Is it possible to approximate every function $f\in C([0,\pi],\mathbb C)$ uniformly with arbitary precision bby functions in the algebra generated by $\{1,e^{ix}\}$?
I know it's true for $\{1,e^{ix},e^{-ix}\}$, because for every continious function $f(x)=u(x)+v(x)i$, $u,v$ is able to be approximated by algebra generated by $\{1,\cos x\}$ according to stone-weierstrass approximation theorem. But here we don't have $e^{-ix}$?
r9m's idea of using Mergelyan's Theorem is a good one. In this special case, we can reduce the proof to be much simpler.
By the usual complex version of Stone-Weierstrass, it suffices to show that the function $e^{-ix}$ is in the closure $\overline{\mathcal{A}}$ of the algebra $\mathcal{A}$ generated by $\{1, e^{ix}\}$.
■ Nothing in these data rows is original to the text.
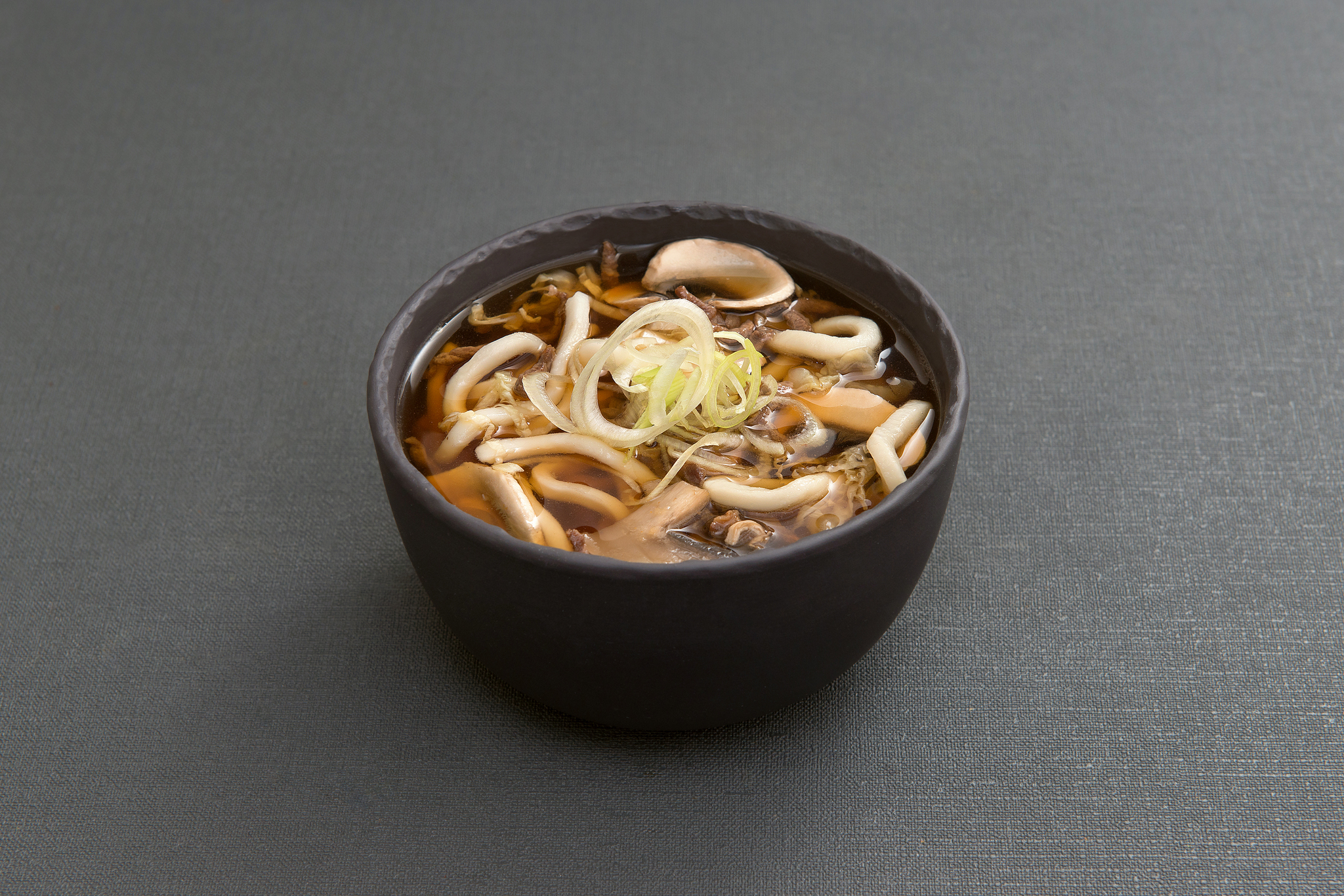 суп с говядиной, лапшой удон, китайской капустой, шампиньонами, чесноком, имбирем, луком порей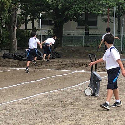 1校時 一学年 体育 走り幅跳び、短距離走を学習しています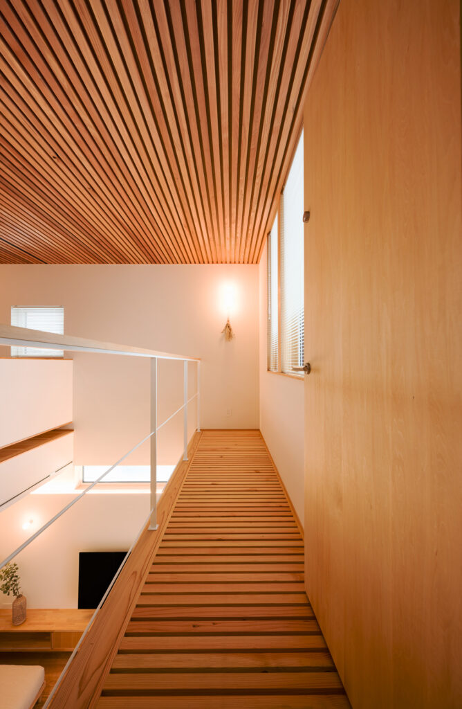 目隠しフェンスで囲ったプライベートテラスと、光を落とす大きな吹抜け。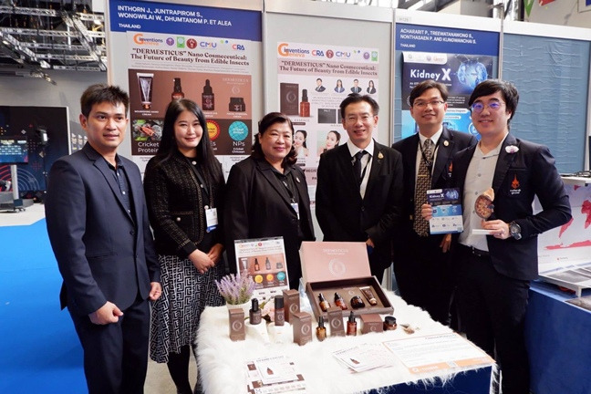 1. นวัตกรรม “เดอร์เมสทิคัส”: คว้ารางวัลเหรียญทอง (Gold Prize) และรางวัลพิเศษ NRCT Honorable Mention Award “เดอร์เมสทิคัส” คือเวชสำอางนาโนจาก “จิ้งหรีดไทย” พัฒนาโดย ดร.ภก.วัชระ กาญจนกวินกุล ผู้อำนวยการโรงงานผลิตเภสัชภัณฑ์ในพระดำริ สำนักงานราชวิทยาลัยจุฬาภรณ์ ร่วมกับคณะผู้วิจัยจากมหาวิทยาลัยเชียงใหม่และ University of Copenhagen ซึ่งเป็นการยกระดับแมลงกินได้สู่ผลิตภัณฑ์ความงามมูลค่าสูง ด้วยเทคโนโลยีนาโนอิมัลชันที่ช่วยให้สารสกัดซึมลึก ต้านอนุมูลอิสระ และชะลอวัยได้อย่างมีประสิทธิภาพ ถือเป็นก้าวกระโดดสำคัญของเศรษฐกิจชีวภาพไทย

Let $S^1_+ = \{e^{ix} : 0 \le x \le \pi\}$ be the upper unit semicircle in the complex plane. Fix $\epsilon > 0$ and consider the complex function $f(z) = 1/(z+i\epsilon)$, which is holomorphic except at $z=-i\epsilon$. Choose $R>0$ so large that $\sqrt{1+R^2} < R+\epsilon/2$; then the open disk $D = D(iR, R+\epsilon/2)$ contains all of $S^1_+$ but excludes $-i\epsilon$. Thus $f$ is holomorphic on $D$, so its Taylor series centered at $z=iR$ converges uniformly to $f$ on compact subsets of $D$, and in particular converges uniformly on $S^1_+$. So if we let $p_n(z)$ denote the $n$th Taylor polynomial of $f$ centered at $iR$, we have $p_n(e^{ix}) \to f(e^{ix}) = 1/(e^{ix} + i\epsilon)$ uniformly on $x \in [0,\pi]$, and therefore $1/(e^{ix}+i\epsilon) \in \overline{\mathcal{A}}$. Now letting $\epsilon \to 0$, we have $1/(e^{ix}+i\epsilon) \to e^{-ix}$ uniformly on $x \in [0,\pi]$, and therefore $e^{ix} \in \overline{\mathcal{A}}$ as well.
Note the full version of Mergelyan's theorem would show that the same result is true on any interval $[0, a]$ for $a < 2\pi$, but it is false on $[0,2\pi]$.